The denial of selfhood to various groups causes them to put themselves in a position that deprives them of the self-determination required to take more active steps in their efforts to prevent the spread of HIV within their communities. When entire groups of people are considered irrelevant or disposable, the idea that they deserve the education and care needed to prevent their infection does not register in the same fashion that it would for those who have the privilege of being represented throughout mainstream culture. If they cannot matter as people to the rest of society, what right have they to pursue HIV-prevention methods?
The solution is clearly to foster social and cultural inclusion at all levels in order to reduce the risk of HIV transmission amongst those who are marginalised by current approaches to HIV prevention. This does not solely mean creating a health education system that includes groups not traditionally recognised, but instilling the importance of universal self-determination into the collective American consciousness. Education, governmental policies, and simple social interactions must reflect this, so that future generations of traditionally marginalised people will not find themselves consigned to the edges of social acceptance.
Ignoring people’s selfhood is not merely hurtful and divisive: it is deadly.
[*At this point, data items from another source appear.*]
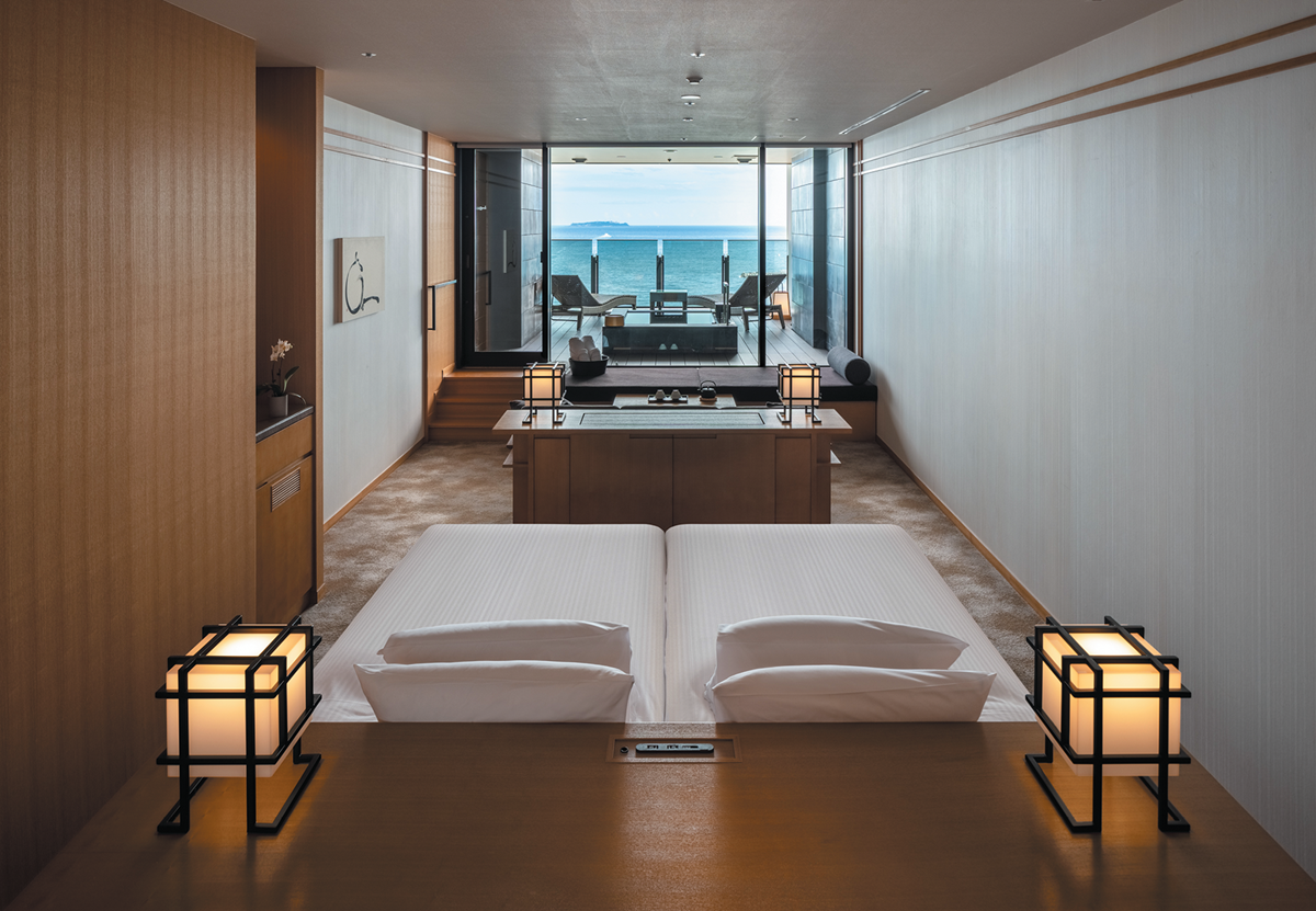 海側の露天風呂付き客室、デラックスオーシャンビュー“ROTEN”。海に向かってベッドが据えられ、寝転びながら景色を眺めるのが心地いい。
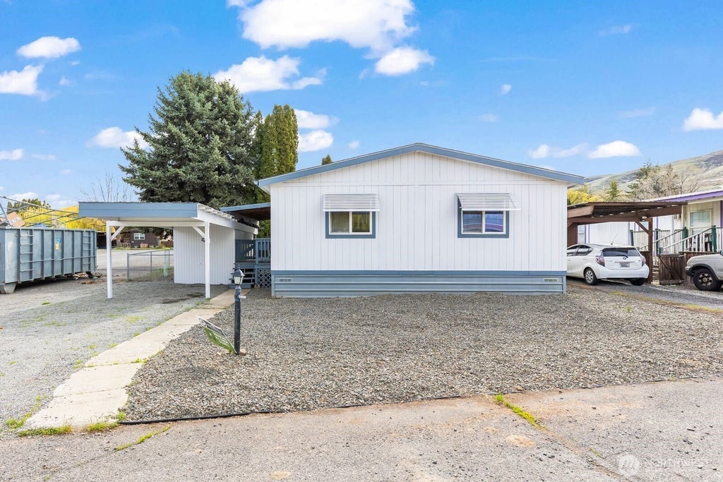 This spacious and updated 1992 double wide manufactured home features 2 bedrooms, 2 bathrooms, and 1,080 square feet of comfortable living space in Country Squire Park in Yakima, Washington. Enjoy year-round comfort with central heat and A/C. The kitchen is equipped with brand new stainless steel appliances including a fridge, stove, and dishwasher. The home also includes washer and dryer hook-ups for added convenience. The layout offers a private en suite bathroom off the primary bedroom, along with a separate guest bath. A carport provides covered parking, and a storage shed is conveniently attached for additional space. Lot rent is $575/month and includes water, sewer, and garbage.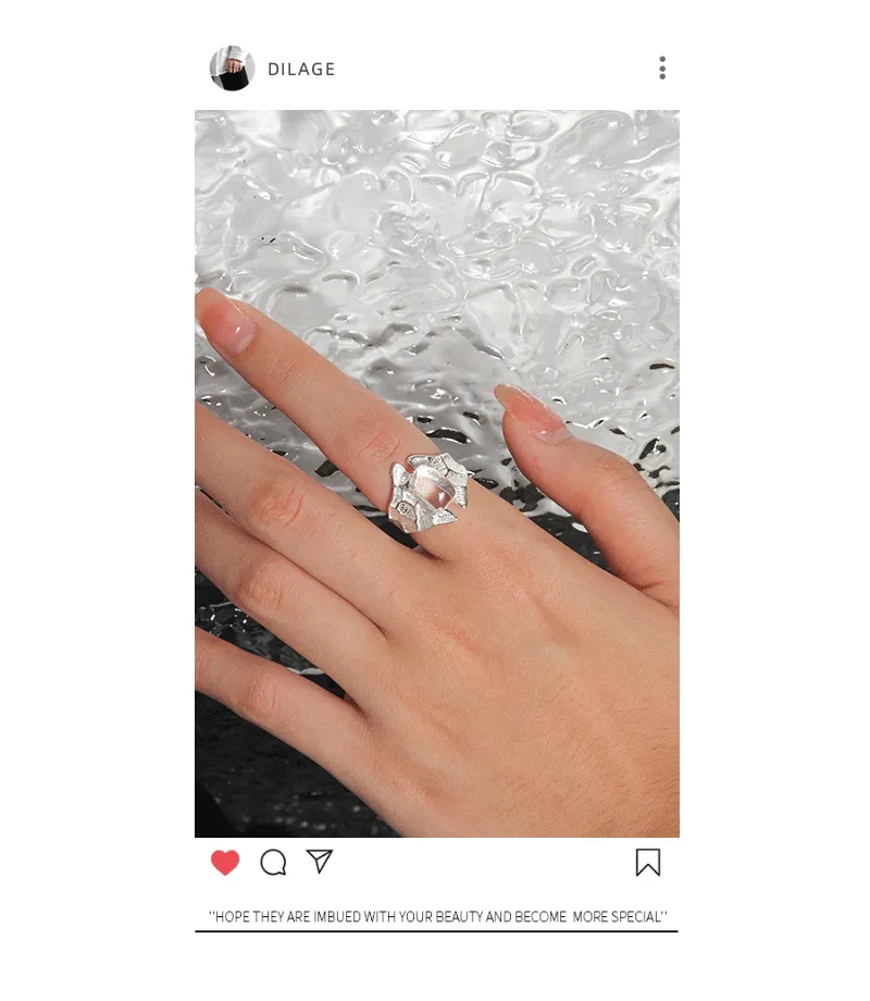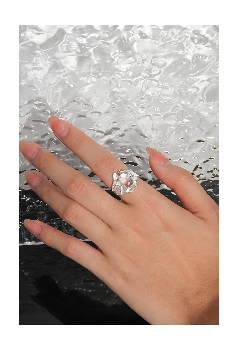- Color: The Belisandre Ring showcases a rich antiqued silver tone, providing a bold contrast to the central, luminous milky-white or translucent stone.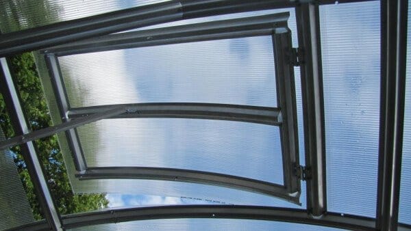 Strešno okno omogoča učinkovito prezračevanje rastlinjaka, kar je ključno za zdravo rast rastlin in stabilne pogoje v notranjosti.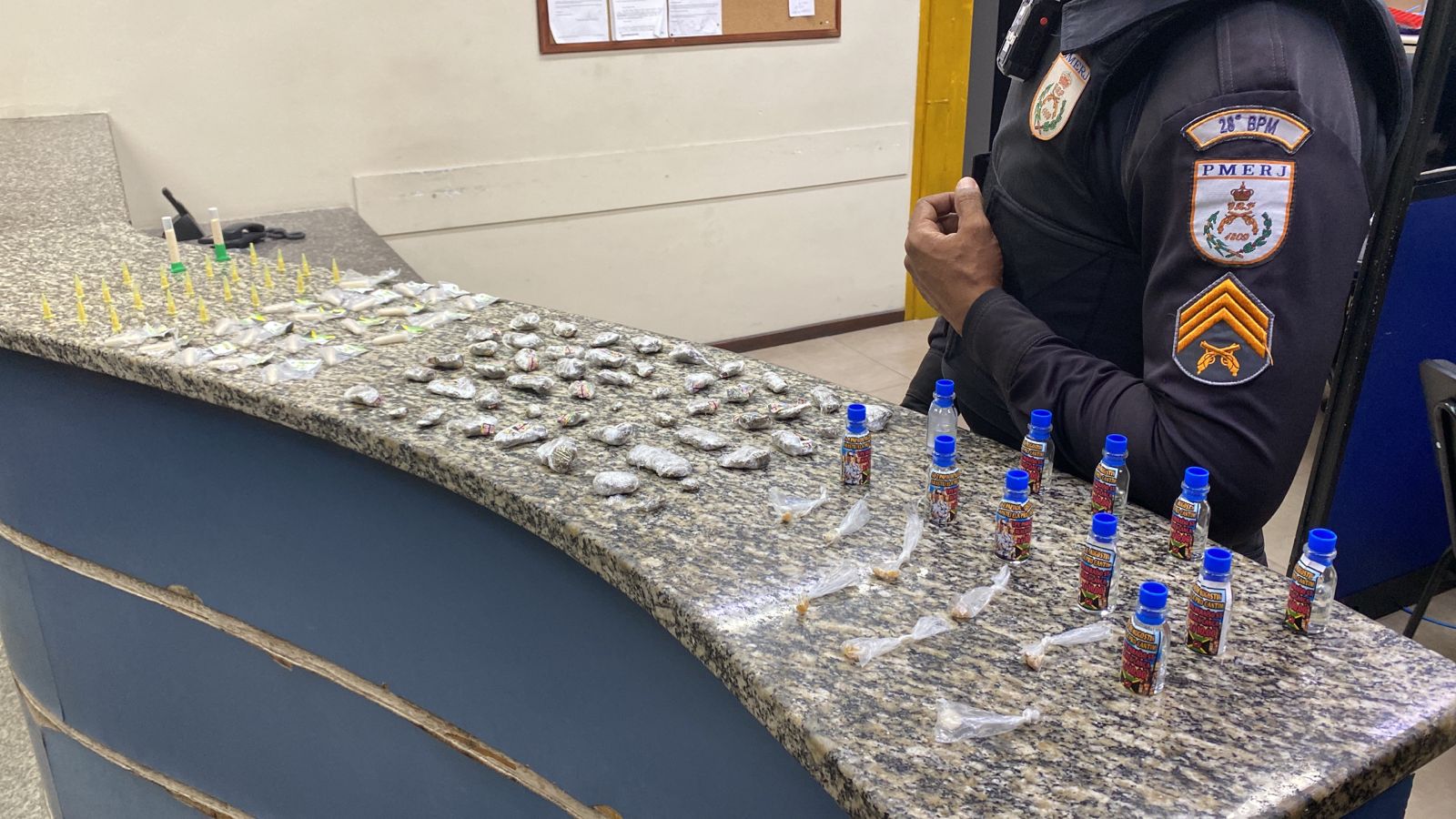 Ele abandonaram os seguintes materiais: 50 tabletes de erva seca (maconha), 11 frascos de loló, 8 pedras de crack e 44 pinos de cocaína. Todo o material apresentado à 90ª DP (Barra Mansa), onde foram tomadas as medidas cabíveis sobre a apreensão.

People are not mere characters in a grand, sweeping narrative: human experience too large and too complex to be reduced to facile fictionalized representations. In order to reduce the risk of HIV amongst marginalized populations, it is necessary to discard these fables and adopt a school of thought that embraces the intrinsic value of everyone, regardless of sex, gender, gender identity, ethnicity, race, or any other ascribed status. The myths that deprive people of their agency are akin to the “boot stamping on a human face forever” of George Orwell’s Nineteen Eighty-Four. It is imperative to abandon these myths to ensure that this humanity-destroying, soul- crushing world will not exist for those who exist outside the traditional American narrative. We ignore the agency of individual human beings at our peril.